→ EXERCISE DESCRIPTION: Each line in the material below, starting at the one with "ŞAM – Filistin" and ending at the one with "Balıkların mülkiyeti kamuya", is to be reproduced exactly; no picture is to be copied.

→ DATA RECORDS:
======
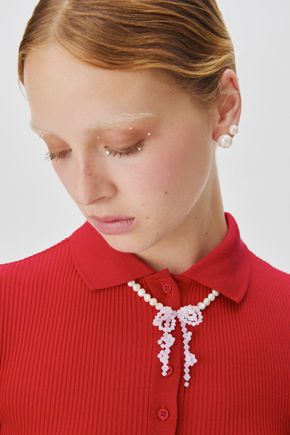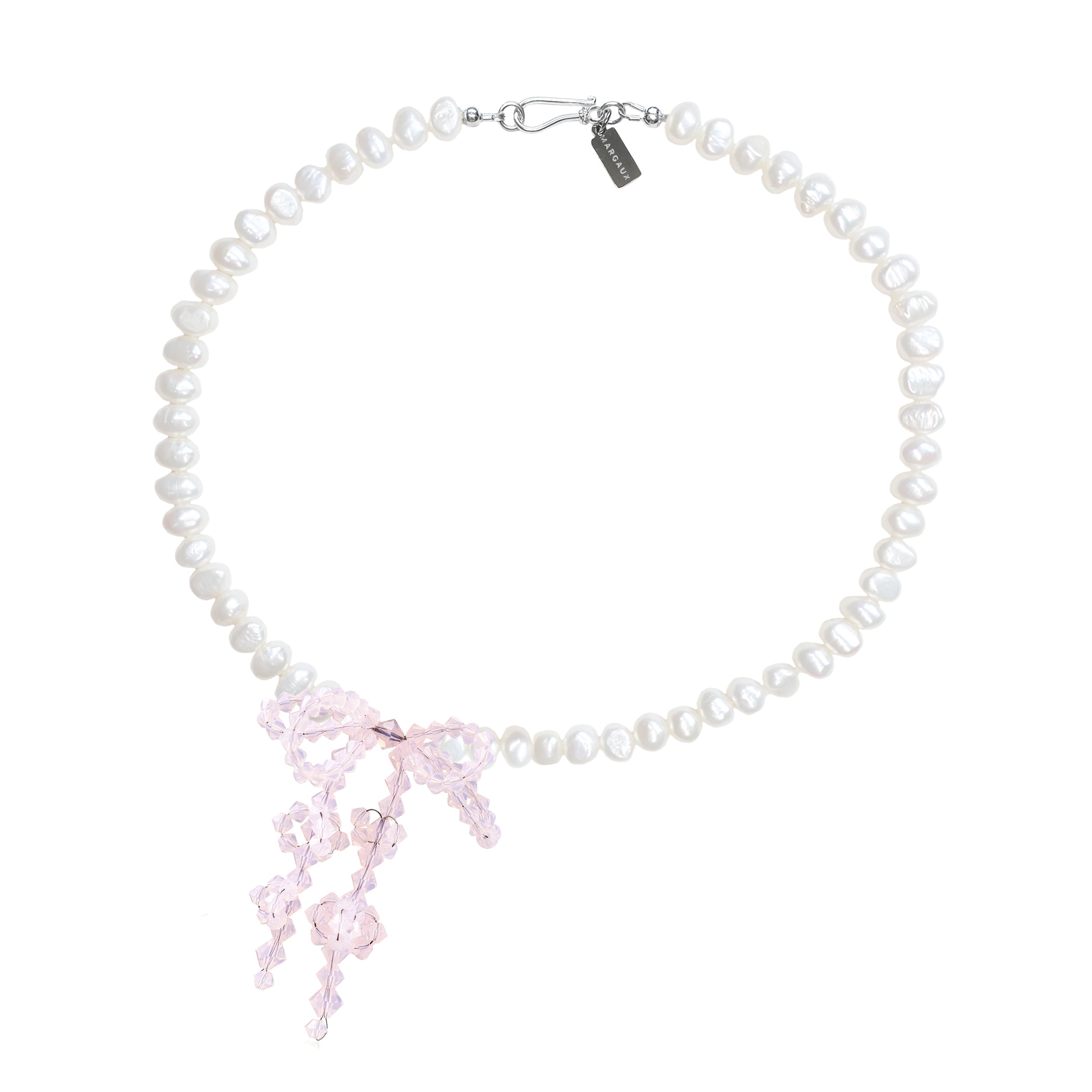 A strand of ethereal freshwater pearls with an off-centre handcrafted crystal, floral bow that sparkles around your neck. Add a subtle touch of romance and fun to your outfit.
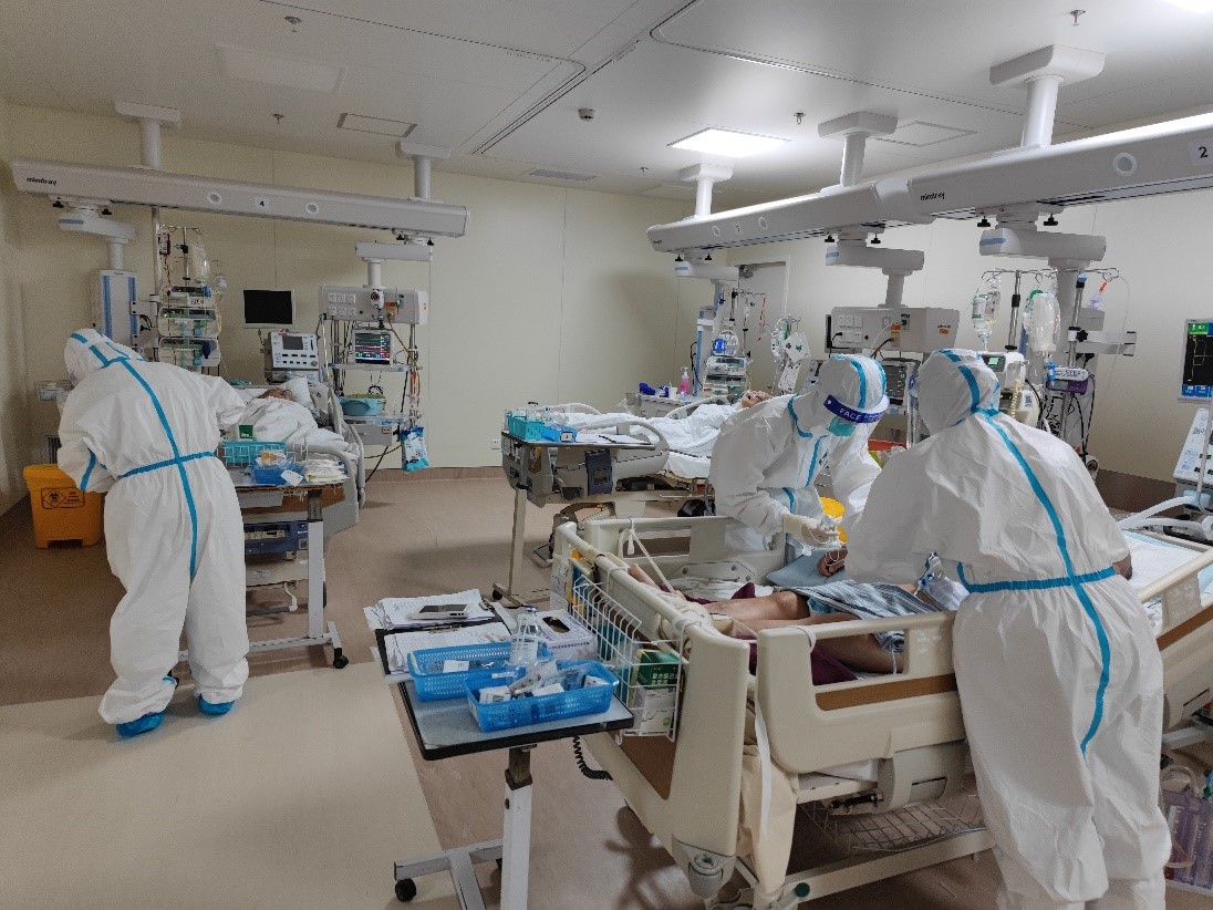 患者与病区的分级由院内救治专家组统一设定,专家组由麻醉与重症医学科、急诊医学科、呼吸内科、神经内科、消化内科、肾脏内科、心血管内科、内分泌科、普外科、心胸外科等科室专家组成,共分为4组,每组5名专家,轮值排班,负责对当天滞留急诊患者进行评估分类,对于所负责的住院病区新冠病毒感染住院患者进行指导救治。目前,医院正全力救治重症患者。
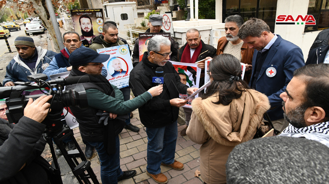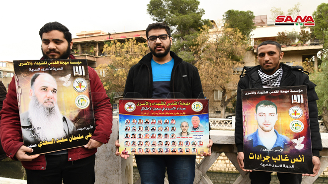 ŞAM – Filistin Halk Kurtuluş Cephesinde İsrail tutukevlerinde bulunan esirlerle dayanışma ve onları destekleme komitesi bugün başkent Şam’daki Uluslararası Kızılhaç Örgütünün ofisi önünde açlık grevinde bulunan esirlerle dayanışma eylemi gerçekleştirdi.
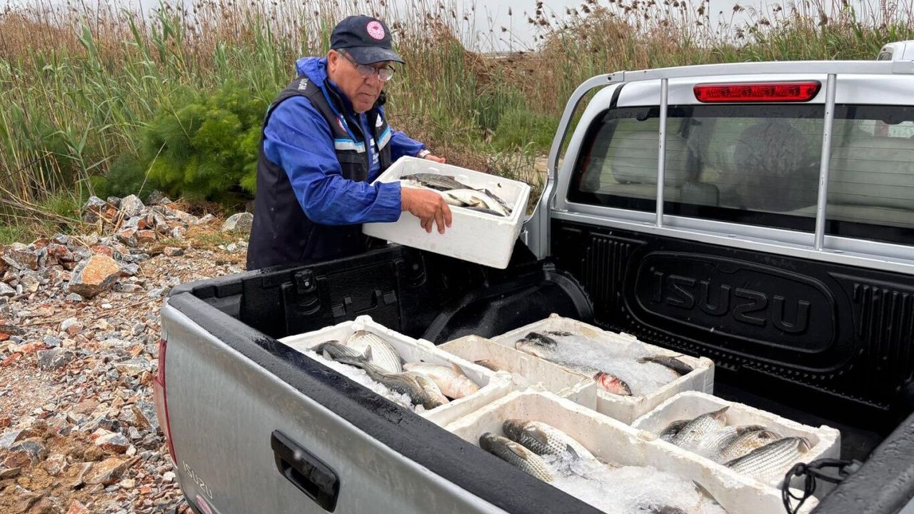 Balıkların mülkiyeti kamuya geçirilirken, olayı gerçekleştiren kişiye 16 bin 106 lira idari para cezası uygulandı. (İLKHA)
======
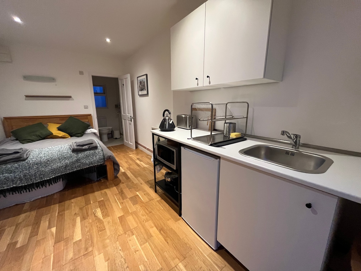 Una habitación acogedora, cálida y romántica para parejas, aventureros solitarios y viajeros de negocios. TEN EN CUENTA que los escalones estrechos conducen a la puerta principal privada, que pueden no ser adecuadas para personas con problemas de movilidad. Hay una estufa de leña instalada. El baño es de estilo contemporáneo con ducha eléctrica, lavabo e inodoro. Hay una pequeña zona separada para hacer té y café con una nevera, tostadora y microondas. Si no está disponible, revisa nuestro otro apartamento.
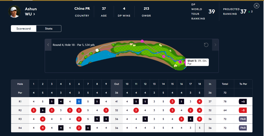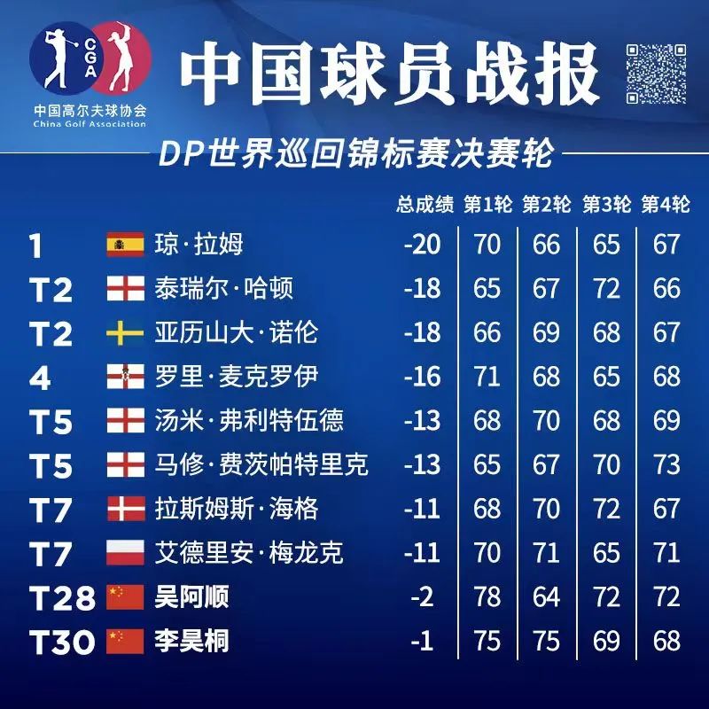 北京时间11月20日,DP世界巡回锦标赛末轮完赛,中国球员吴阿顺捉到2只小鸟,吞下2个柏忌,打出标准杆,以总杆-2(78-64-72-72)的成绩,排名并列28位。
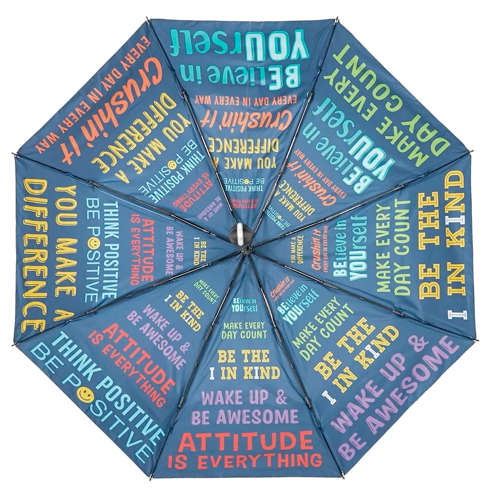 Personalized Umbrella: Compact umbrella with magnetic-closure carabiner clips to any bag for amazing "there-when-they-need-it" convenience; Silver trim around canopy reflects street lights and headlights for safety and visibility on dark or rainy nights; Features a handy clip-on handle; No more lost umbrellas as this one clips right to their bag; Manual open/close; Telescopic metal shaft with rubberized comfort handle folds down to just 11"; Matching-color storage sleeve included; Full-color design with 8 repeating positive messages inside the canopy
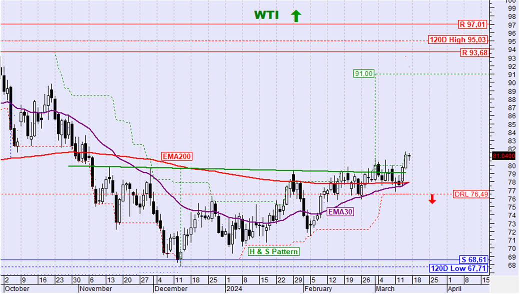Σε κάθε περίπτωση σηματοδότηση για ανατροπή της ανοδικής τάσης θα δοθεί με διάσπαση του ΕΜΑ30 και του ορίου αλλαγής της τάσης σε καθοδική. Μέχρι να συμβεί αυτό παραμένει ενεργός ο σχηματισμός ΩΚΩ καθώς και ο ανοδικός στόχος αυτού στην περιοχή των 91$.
======
→ TASK OUTPUT:
 ŞAM – Filistin Halk Kurtuluş Cephesinde İsrail tutukevlerinde bulunan esirlerle dayanışma ve onları destekleme komitesi bugün başkent Şam’daki Uluslararası Kızılhaç Örgütünün ofisi önünde açlık grevinde bulunan esirlerle dayanışma eylemi gerçekleştirdi.
 Balıkların mülkiyeti kamuya geçirilirken, olayı gerçekleştiren kişiye 16 bin 106 lira idari para cezası uygulandı. (İLKHA)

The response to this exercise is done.